First of all: This kind of Q has a problem: What are two (different) ways? What ways are equivalent so count as 1. For example I would consider setting a property in the destination using dot-notation or using explicit setters are the same way, even the code is not bitwise identical.

However, …

A. Setting isolated properties

When the destination view controller (dvc) needs some data, it is obvious that it can be passed by setting a property:

dvc.property1 = …;
dvc.property2 = …;

To me it is only one way independent of the way, the property is set. (Dot notation, KVC, object subscription, explicit setter, $whatever.) Furthermore for me it is still the same way, when you get the dvc from a segue or when you instantiate yourself: The core that makes all the ways equivalent is that the source view controller explicitly sets all data needed by the dvc.

DVC* dvc = segue.destinationViewController;
dvc.property1 = …;
dvc.property2 = …;

… or …

DVC* dvc = [[DVC alloc] initWithNib:… bundle:…];
dvc.property1 = …;
dvc.property2 = …;

I know that others say, this are two ways. I do not think so. Passing the data is equivalent, even getting the view controller is different. However, count an extra +1 or not.

What is more important to me by far, is the dependencies you get. In this way the dvc determines the set of properties to pass. The svc depends on the API of the dvc. Any change of this set in dvc causes a change in svc. Please take into account that maybe the dvc does not need data itself, but has to know it to pass it to a third view controller, let's call it 3vc (i. e. Overview -> Details -> More Details).
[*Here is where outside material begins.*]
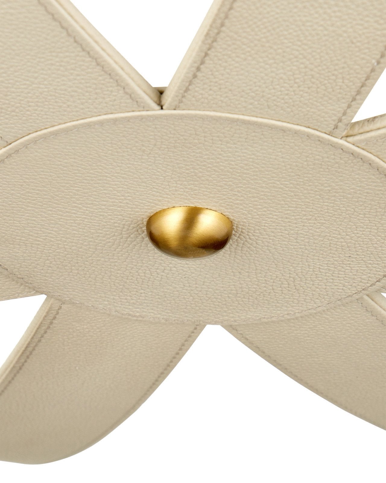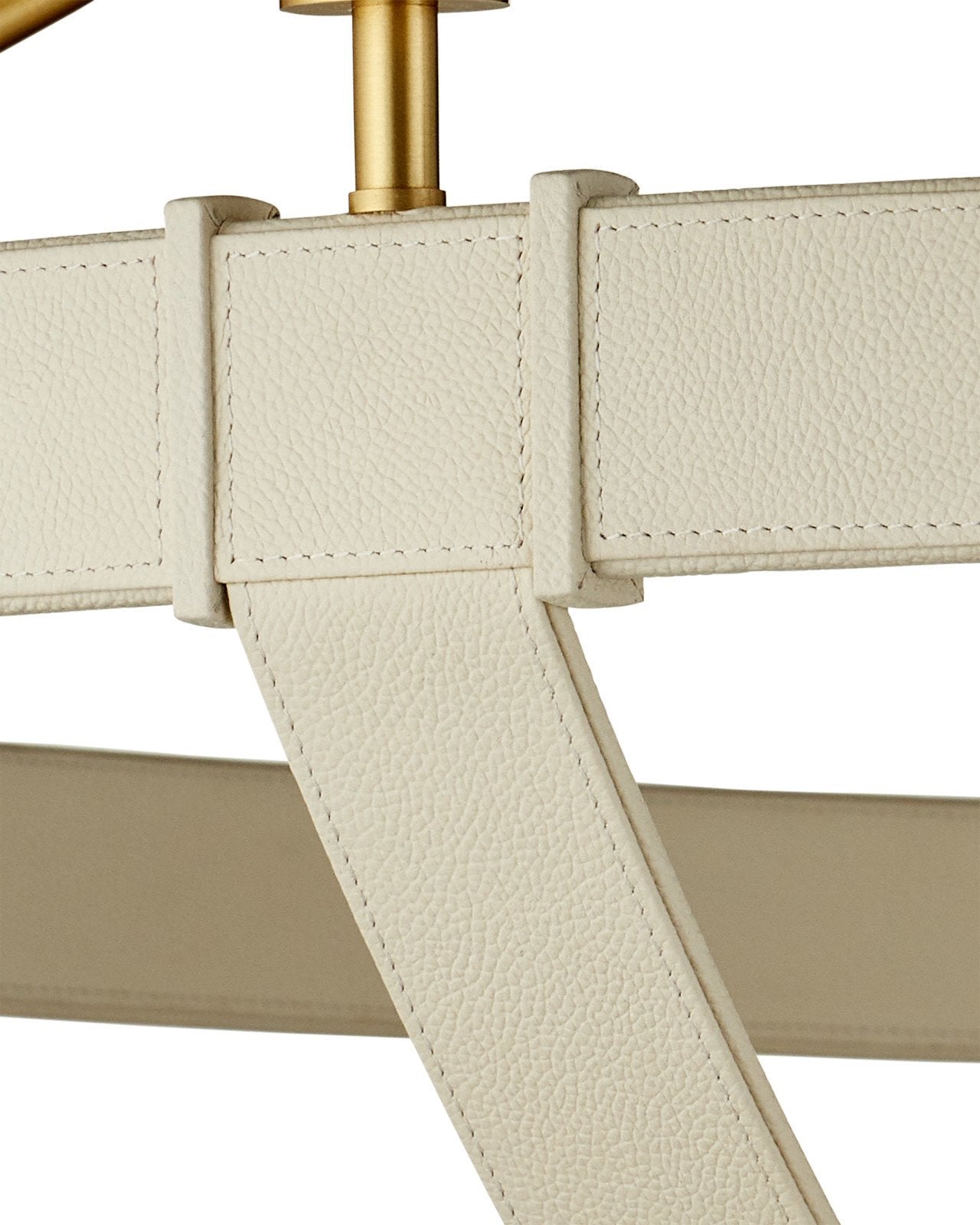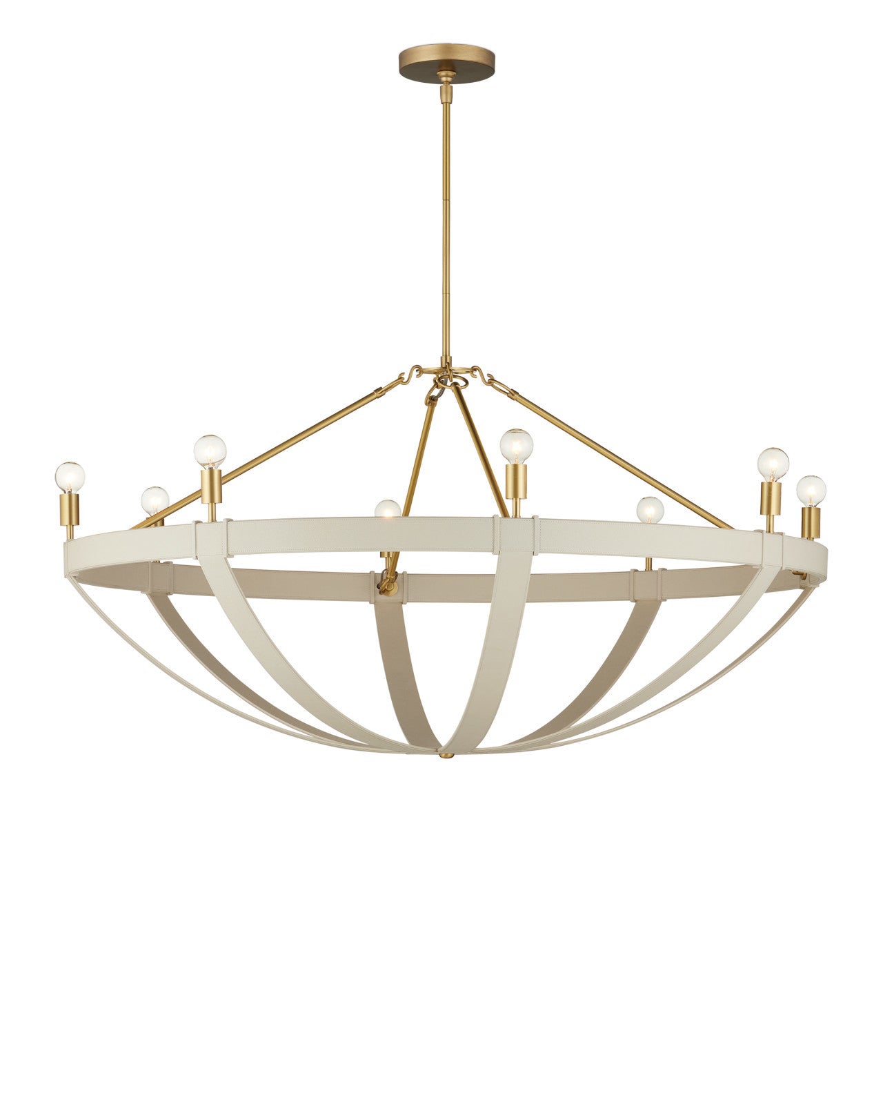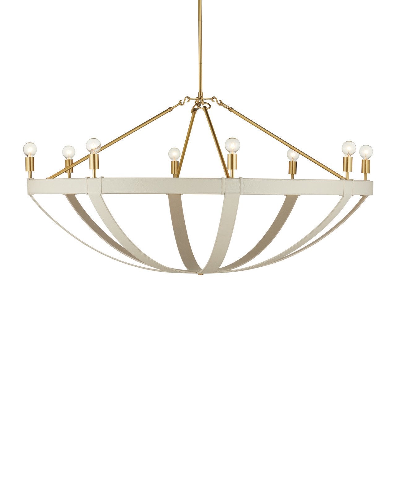 The Barrington Chandelier is a study in restraint with its implied upturned bowl-shape covered in pebbled cream leather. Adding to the lightness of this design are the slender rods that hold the fixture in place. The simplicity of the bulbs also contributes to the chandelier’s classic feel. The buckle-like hardware and the bobeches are in a brushed brass finish for a gleaming contrast to the pale leather. This eight-light fixture is dimmable.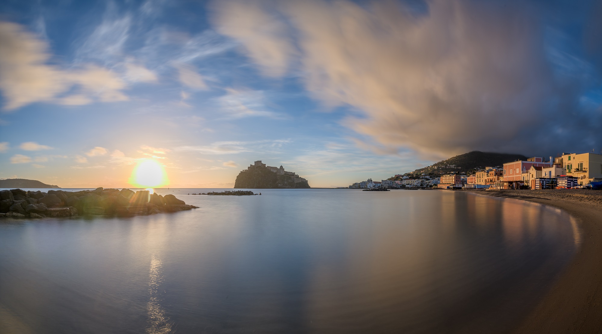 Escursione in motonave con circumnavigazione dell'isola e soste bagno nelle baie più suggestive, scelte in base al meteo. Partenza dai moli di Forio, Lacco Ameno e Casamicciola; per Ischia Porto e Barano è possibile il trasferimento hotel-porto in minibus.

In this scenario DVC is highly reusable, because it has no dependency, but SVC heavily relies on the API of DVC.

B. Setting a data set

For me a different way is, to set a data set instance, probably a model object, independently of the properties used by dvc.

DVC* dvc = segue.destinationViewController;
Data *data = [Data new];
data.property1 = …;
data.property2 = …;
dvc.data = data;

On a first view this looks like (A) with some additional work for the Data instance. But it isn't. An example: You have a list of persons. Every person has a list of e-mail addresses. The svc shows the persons. You can go to a detail view showing the person's details including one e-mail address. you can get to a 3vc to see a list of all e-mail addresses.

In such an application you already have classes being your model, i. e. Person and eMailAdress. Simply passing the selected person to the dvc, the dvc can pass the same person to the 3vc. You simply pass an entry point to your model and every following view controller picks out the data it needs, following the relations in your model.

DVC* dvc = segue.destinationViewController;
Person *person = …;
dvc.person = person;

The API of the dvc will change in such a case rarely. There is a formal dependency between svc and dvc and the data provider, but this dependency doesn't hurt because of the low frequency of changes. Moreover if the model changes, you only have to change the view controller that deals with this change, what is quite natural. But you do not need to change svc, because dvc needs additional data after a change of Person. Changes are kept locally.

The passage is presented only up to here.